When kyuubi.engine.data.agent.jdbc.url is unset, Kyuubi derives a default URL:

  • ZooKeeper HA (kyuubi.ha.addresses set with the default ZookeeperDiscoveryClient): use ZK service discovery against the configured addresses.

  • Other deployments (single-node, or HA with non-ZooKeeper discovery such as etcd): produce jdbc:kyuubi://<host>:<kyuubi.frontend.thrift.binary.bind.port>/default, where <host> is resolved from kyuubi.frontend.advertised.host, then kyuubi.frontend.thrift.binary.bind.host, and finally the machine’s local IP address.

If the Data Agent engine runs in a different network namespace from the Kyuubi server, or the derived host is not reachable from the engine, set kyuubi.engine.data.agent.jdbc.url (or the welcome-screen field) explicitly.

This works out of the box when the Kyuubi server is configured with kyuubi.authentication=NONE. It does not work when LDAP authentication is enabled, because the engine’s JDBC connection carries the user identity (e.g. alice) but no password, and Kyuubi’s LDAP provider rejects the empty bind with LDAP error code 49. In an authenticated deployment, embed credentials in the JDBC URL instead:

jdbc:kyuubi://kyuubi-host:10009/default;user=alice;password=...

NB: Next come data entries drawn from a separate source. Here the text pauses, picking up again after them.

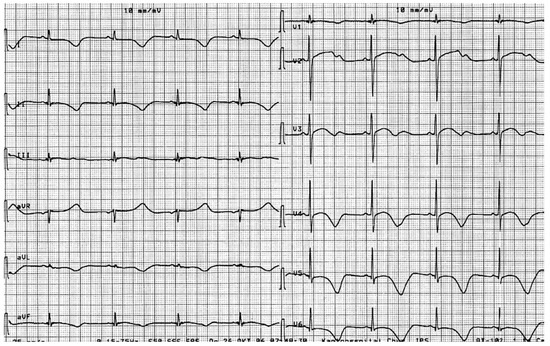 ECG one month after organophosphate ingestion demonstrating almost complete normalisation of the QTc interval (447 ms) but persistent negative T waves in leads I, II, aVL and V4–V6.
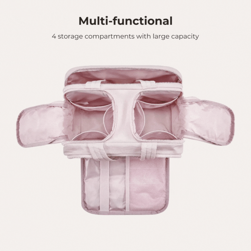 Features four thoughtfully designed compartments with generous storage space. Easily fits all your essentials: skincare, toiletries, cosmetics, travel meds, and more, keeping everything neatly arranged.
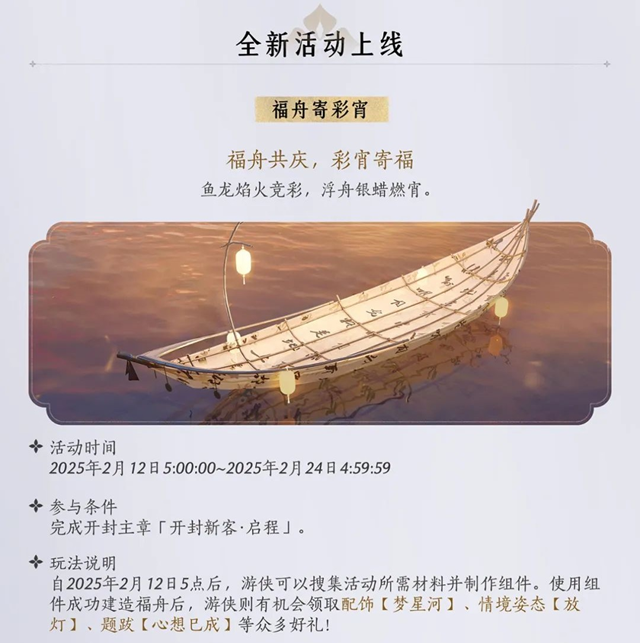 为了庆祝新春佳节,全新限时活动“福舟寄彩宵”将在2月12日至2月24日期间开启。玩家需完成开封主线任务“开封新客·启程”后,便可收集活动材料,制作组件并建造福舟。成功建造后,可获得丰富奖励,包括限定配饰【梦星河】、情境姿态【放灯】、题跋【心想已成】等,让新春夜晚更加璀璨。
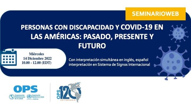 Participe con nosotros el miércoles 14 de diciembre de 2022 en el seminario web "Personas con discapacidad y COVID-19 en las Américas: Pasado, presente y futuro", el segundo de una serie de dos partes, que estará enfocado en las implicaciones en las Américas del informe mundial de la OMS sobre discapacidad y salud, publicado recientemente. En él se abordará cómo construir un sistema de salud más inclusivo y equitativo para las personas con discapacidad.
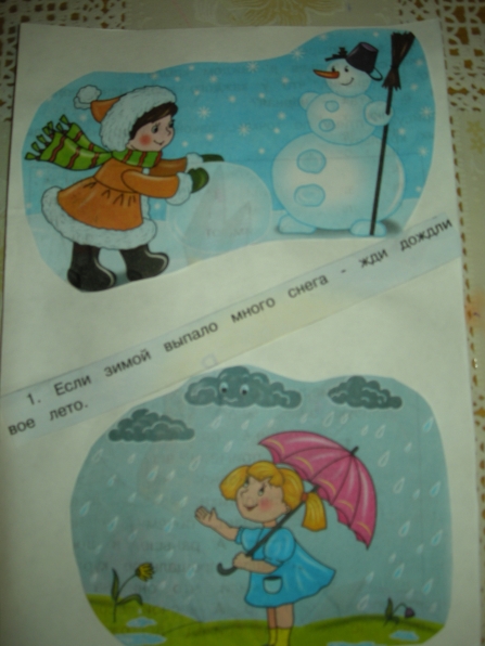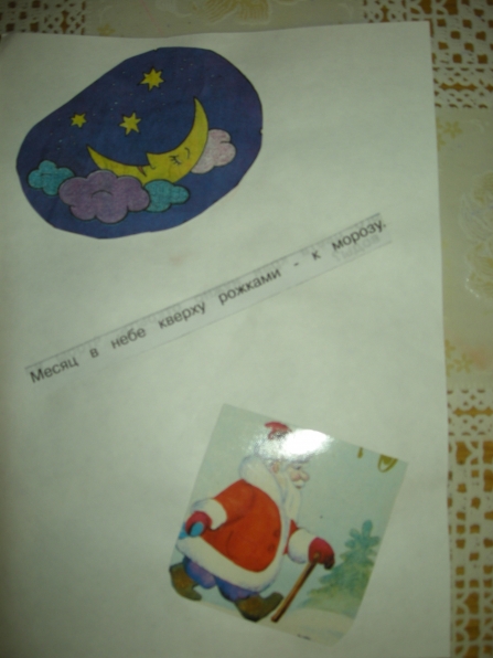 Мне очень понравилась идея Ирины Коваленко «Пословицы и поговорки» в картинках. И вот недавно у меня то же возникла идея на подобии Ирининой. А именно. В настоящее время, мы с детьми старшей группы, много говорим о приметах зимы. Дети учатся замечать, делятся своими наблюдениями, хотят узнать всё новые и новые приметы. А я решила им немного помочь. Подобрала соответствующие картинки (помогла детская газета «Солнецный зайчик», старые открытки) обсудили с детьми, что они означают. Вот, что у нас получилось:
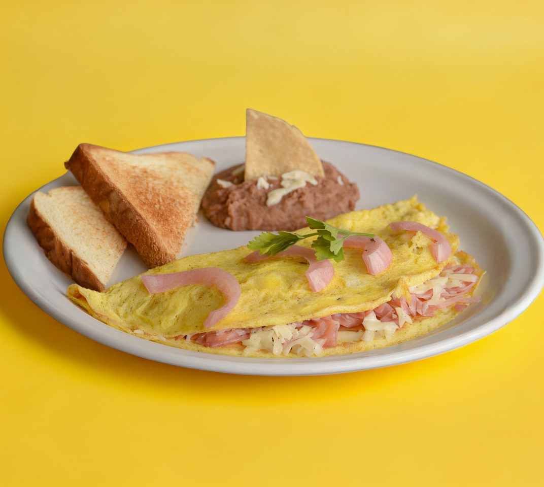 Omelette preparado con 2 huevos, relleno de jamón y queso, acompañado con frijoles y pan tostado.

Kerberos is not supported yet. The engine performs no Kerberos login of its own, so it would reuse the Kyuubi server’s ambient proxy super-user credentials and could impersonate arbitrary users. Kyuubi therefore rejects both auto-derivation and explicitly Kerberized JDBC URLs under KERBEROS authentication. Full support (the engine logging in with its own principal/keytab and proxying the session user) is left for a follow-up; for now point the Data Agent at a non-Kerberos datasource.

Operating notes#

Engine lifecycle#

The Data Agent engine respects kyuubi.engine.share.level, kyuubi.session.engine.idle.timeout, and the rest of the standard engine lifecycle knobs, with one Data-Agent-specific addition: a Data Agent engine is bound to a single JDBC datasource, so the engine subdomain is automatically derived from the configured kyuubi.engine.data.agent.jdbc.url. With the default USER share level this means engines are keyed by (user, JDBC URL) — two sessions targeting the same datasource as the same user reuse one engine, and a session pointing at a different JDBC URL gets its own engine.

Logs#

Per-engine stdout/stderr lands under $KYUUBI_LOG_DIR/work/<user>/kyuubi-data-agent-engine.log.0.

Security notes#

  • The engine launch command logged by the server has kyuubi.engine.data.agent.openai.api.key and kyuubi.engine.data.agent.jdbc.url redacted. Other places where these values may surface (for example session events, or spark.-prefixed variants rendered into other engine launch events) are not redacted unless you set kyuubi.server.redaction.regex to cover them — there is no default regex.

  • The chat history (including SQL produced by the model and any data the model read) is held server-side for the lifetime of the session and is mirrored into the browser’s sessionStorage. Treat the Data Agent UI as a tool with the same access scope as the configured JDBC URL.